Material shown below:

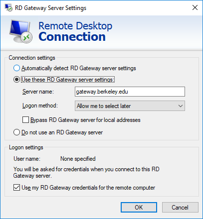 RDP client is now configured to use the gateway for connections to server names entered in the computer field.
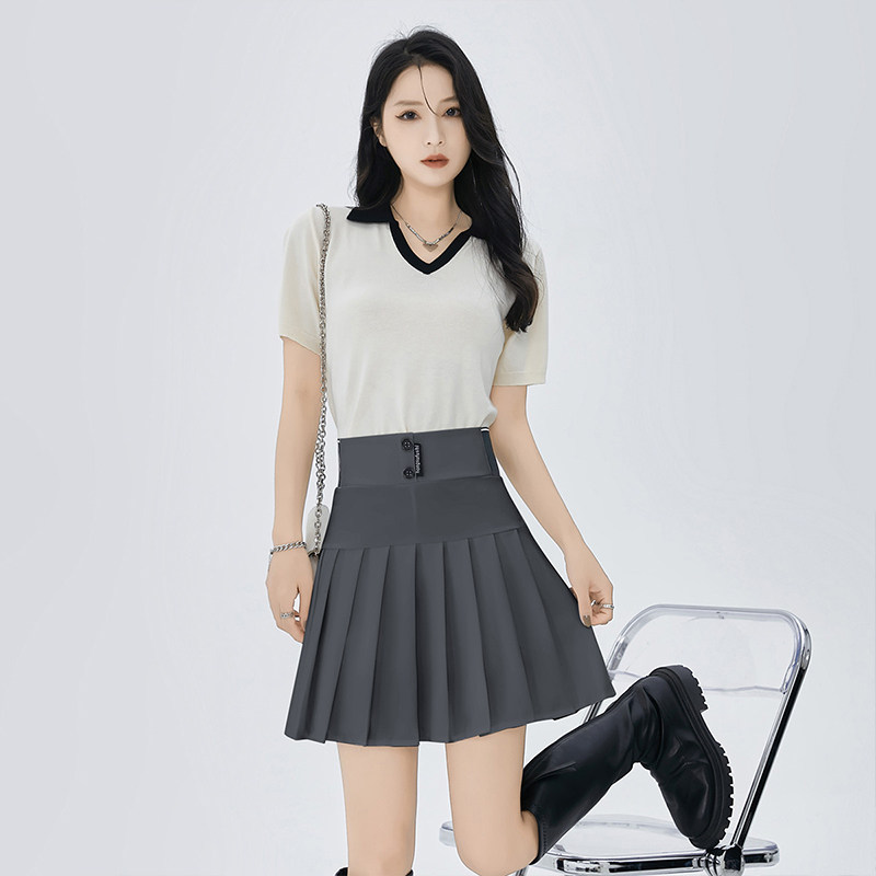 ONE MORE松紧腰百褶裙女2025秋款防走光弹力高腰显瘦半身裙a字裙
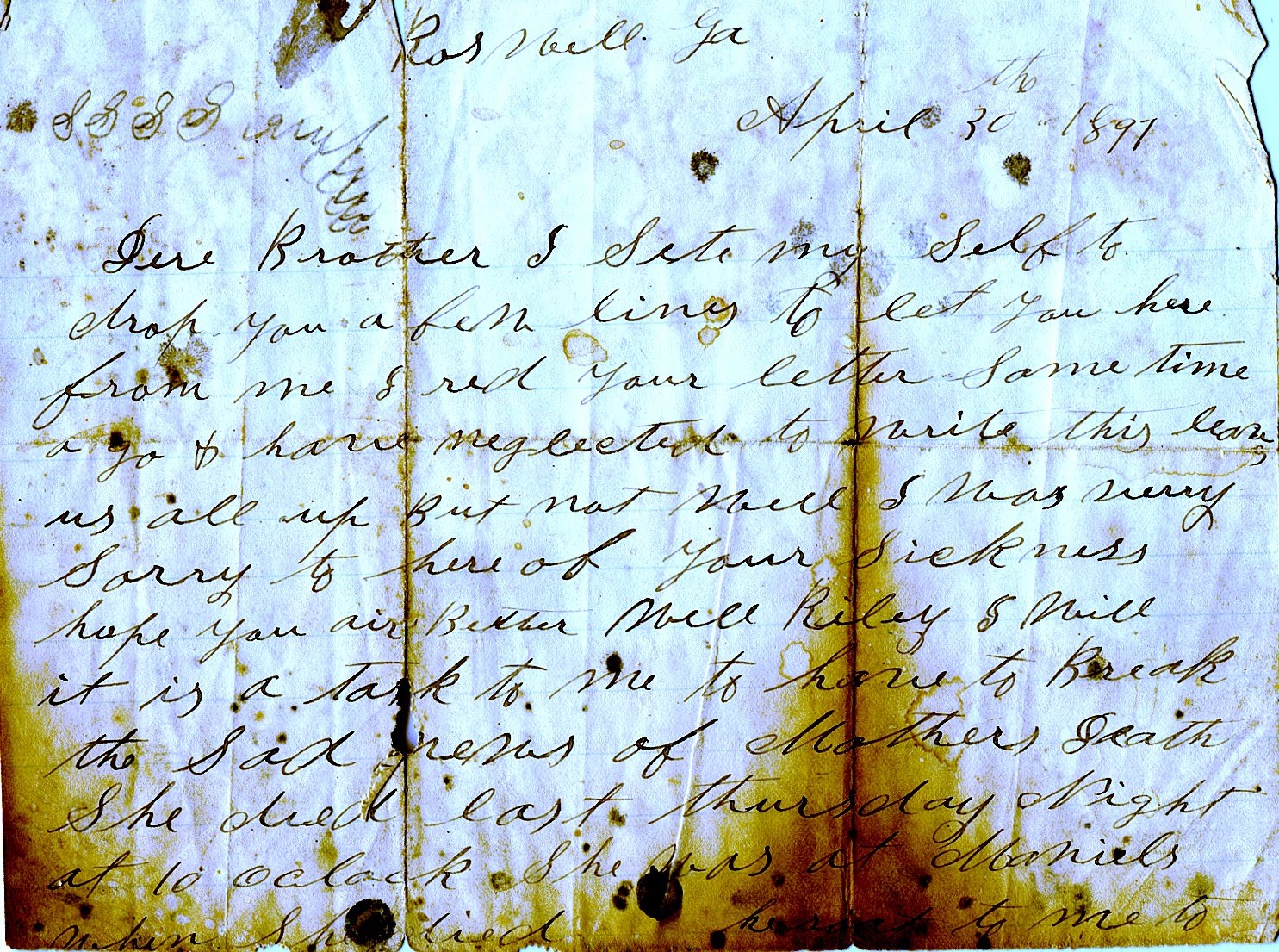 Below is a letter that was sent on April 30, 1897 to Robert Riley Berry by one of his brothers, telling him of their mother's death (Eliza Everette Berry).
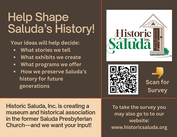Stay up to date by visiting our Facebook page. For more information about the Historic Saluda Committee contact us at historicsaluda@gmail.com
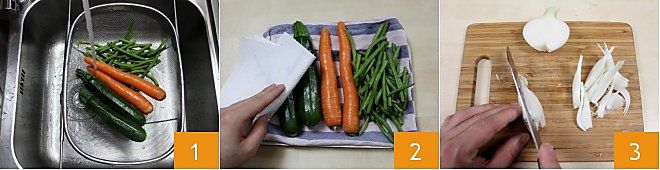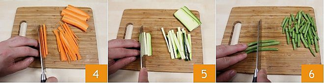 Peel the carrot with a vegetable peeler, cut it in half, slice it lengthwise, and finally form strips 4. Take the zucchini and, without peeling it, cut it into strips like the carrot 5. After cutting the green beans in half 6, set the vegetables aside in small bowls.
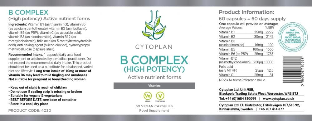 A comprehensive, high potency B complex formula providing key B vitamins in their most active forms. B vitamins have many uses including contributing to the release of energy from foods, supporting the healthy function of the nervous system and contributing to the reduction of tiredness and fatigue.

End of Material shown.

__Action item__
Both the line above containing "Stay up to date" and the line containing "Peel the carrot" belong in the copy, along with every line between them; print these exactly and omit the pictures.

__The completed task__
Stay up to date by visiting our Facebook page. For more information about the Historic Saluda Committee contact us at historicsaluda@gmail.com
 Peel the carrot with a vegetable peeler, cut it in half, slice it lengthwise, and finally form strips 4. Take the zucchini and, without peeling it, cut it into strips like the carrot 5. After cutting the green beans in half 6, set the vegetables aside in small bowls.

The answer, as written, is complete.